The mother of a little girl in my son’s year at school recently committed suicide. On the surface she was a radiant person, smiling and full of light. Devoted to her daughter, successful at work, always good for a laugh at the school gates. No one — save those loved ones who knew her private struggle — saw it coming.
For days, waves of confusion and sadness emanated out through our patch of north-west London. This is the way of suicides in social groups. I’ve seen it before. They ripple and reach well beyond where they have any right to. But the peculiar thing about this tragedy was the way the news was disseminated — namely through the popular social media service WhatsApp.
Founded by two former Yahoo employees and purchased by Facebook in 2014 for a staggering $19 billion, WhatsApp is now the preferred form of communication for people in my demographic, by which I mean middle–class professional London mum-types.
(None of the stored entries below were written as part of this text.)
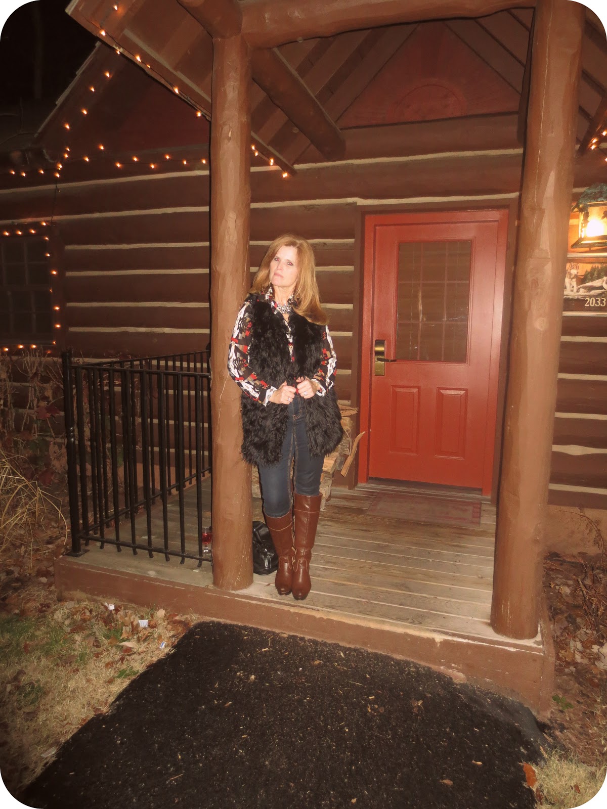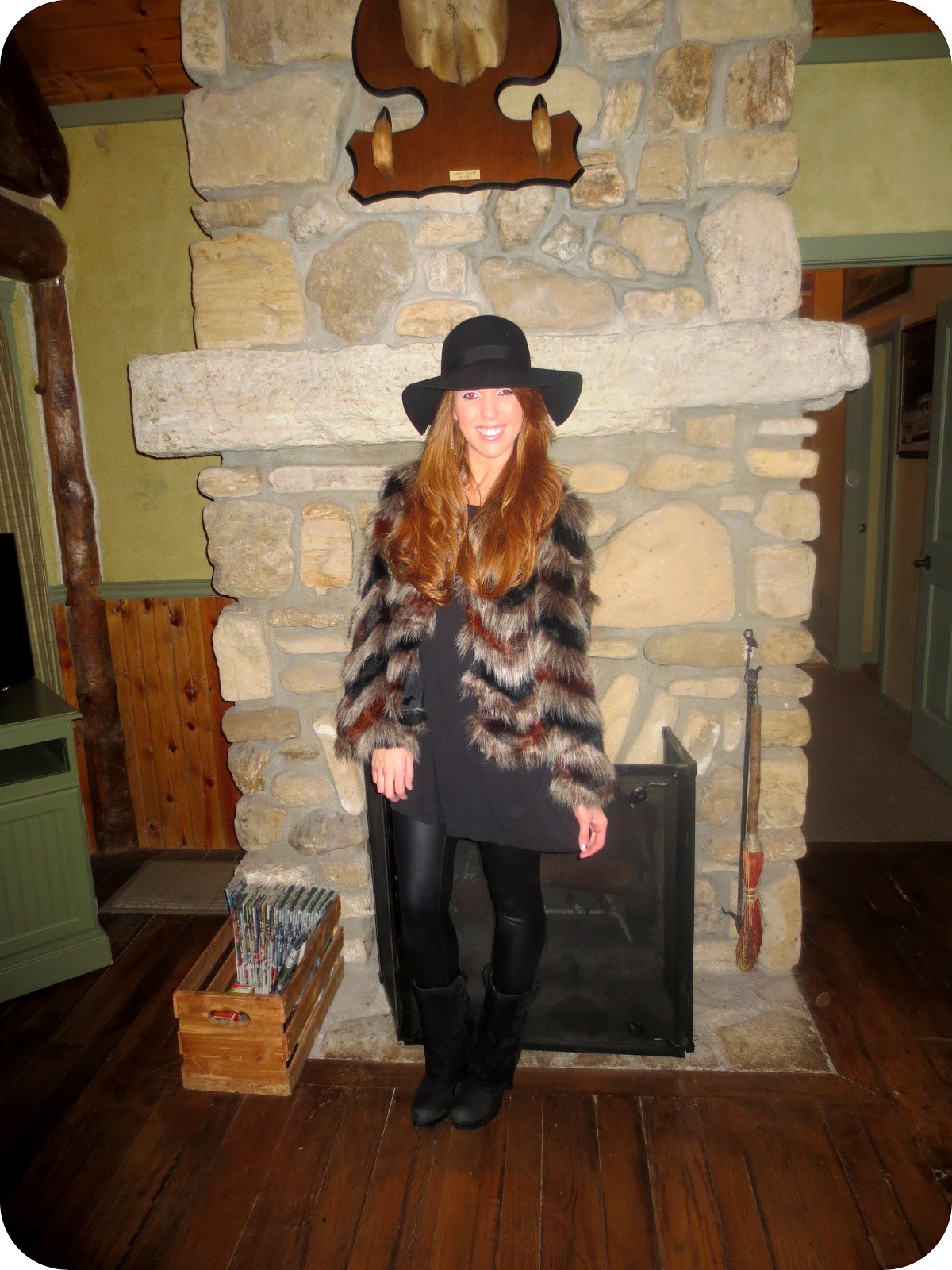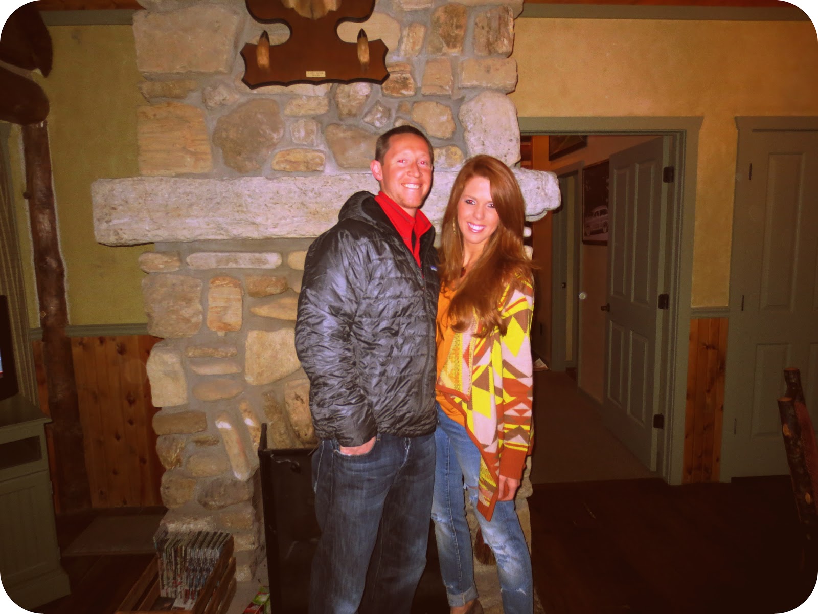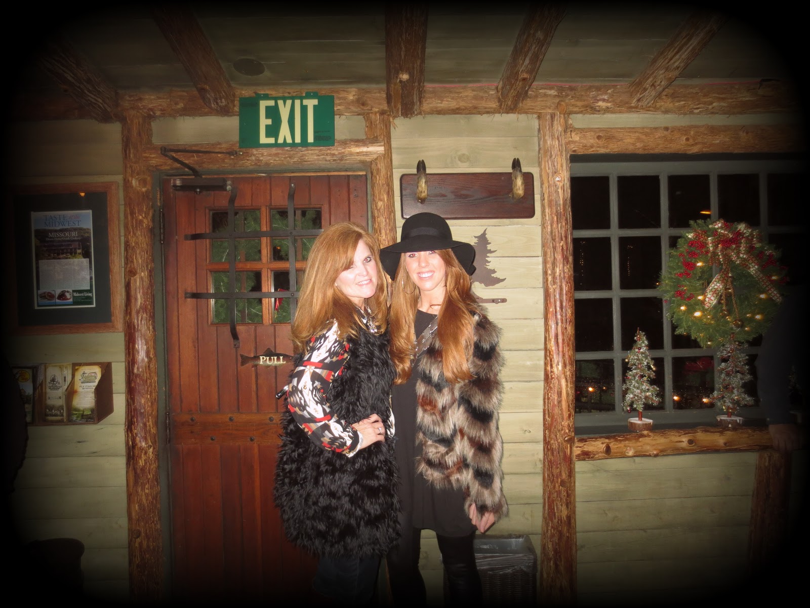 The next day my mom and I headed to Big Cedar! We headed down before the boys because they had to put in a days work. On the way there my mom spotted this random store on the side of the road that had full lenght faux fur coats. She literaly gasped yall! haha. Of course there was one left in her size and she HAD to have it 😉 oh and of course we documented our road stop haha. We got to Big Cedar, checked in and then headed to our unreal cabin. This place was gorgeous and the amazing deal we got on it made it even better. It didnt take us long to head out to do some shopping. First stop was the gift shop where we both found matching PJS because the 3 pairs we brought were not suitable Then we headed to the outlet malls were we did some damange. My mom even found me some socks that had a little sadie on them 🙂 That night we dolled up big cedar style and heaed to the buzzard bar for a late dinner and night caps. It was such a fun day!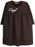 Платье с рукавом ниже локтя, с отворотом. Лиф отрезной. По переду стильный принт со стразами. Изготовлено из кулирки с лайкрой.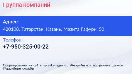 Группа компаний по адресу 420108, Татарстан, Казань, Мазита Гафури, 50 в дальнейшем Организация, размещена в следующих категориях: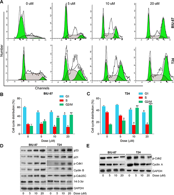 In this regard, to verify if the growth suppression caused by ACT is associated with cell cycle arrest, the role of ACT in the cell cycle distribution was measured. As shown in Figure 2A–2C, the proportion of bladder cancer cells at G1/S was significantly decreased after ACT treatment, while the percentage of cancer cells at G2/M phase was markedly increased owing to ACT treatment (0, 5, 10, and 20 uM) for 24 h. Subsequently, the cell cycle-associated molecules were evaluated using western blot analysis. The results exhibited that ACT enhanced p53, p21, p-Cdk1, Cyclin B and p-Cdc25C, while reduced 14-3-3σ in a dose-dependent manner, which were related to the regulation of G2/M cell cycle arrest (Figure 2D). In contrast, p-Cdk2 and Cyclin A were dose-dependently down-regulated by ACT, associated with the reduction of G1/S phase (Figure 2E). In conclusion, the findings above suggested that ACT induced G2/M cell cycle arrest through modulating the important signals of G2/M cell cycle transition-phase.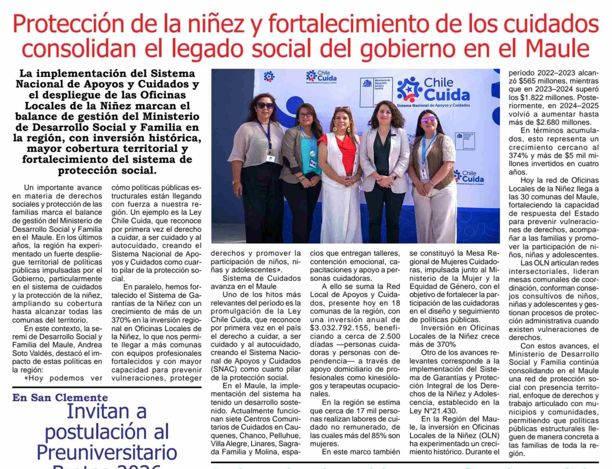 Protección de la niñez y fortalecimiento de los cuidados consolidan el legado social del gobierno en el Maule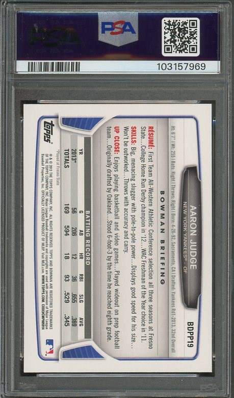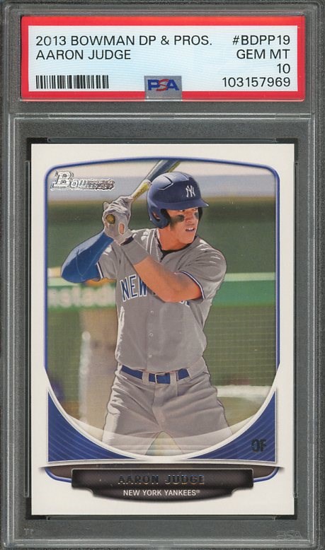 2013 Bowman Draft Picks Aaron Judge RC #BDPP19 PSA GEM MINT 10 - One of the must have Judge cards, this 2013 was the first MLB release of an Aaron Judge card. This one is gem!

Clearly my tribe is not alone in this. With an estimated 1.5 billion users across 180 countries, WhatsApp, increasingly, is just how humans talk.
I joined my first group chat three years ago after being added by another mother at my older son’s nursery. Since then, I’ve joined and left dozens of other chats and spent countless waking hours being startled by ‘notifications’ that are of precisely zero interest or import. It’s incredibly annoying, but going off WhatsApp is not an option. Group chats are where I find out whether my son’s football practice is still on or where tomorrow’s lunch meeting is. It’s how I communicate with my husband, my tennis instructor, my colleagues and all of my friends and family in Canada and Europe.
Like all sane people, I have learned that judicious use of the ‘mute’ feature and alert settings is key to maintaining Whats-App sanity.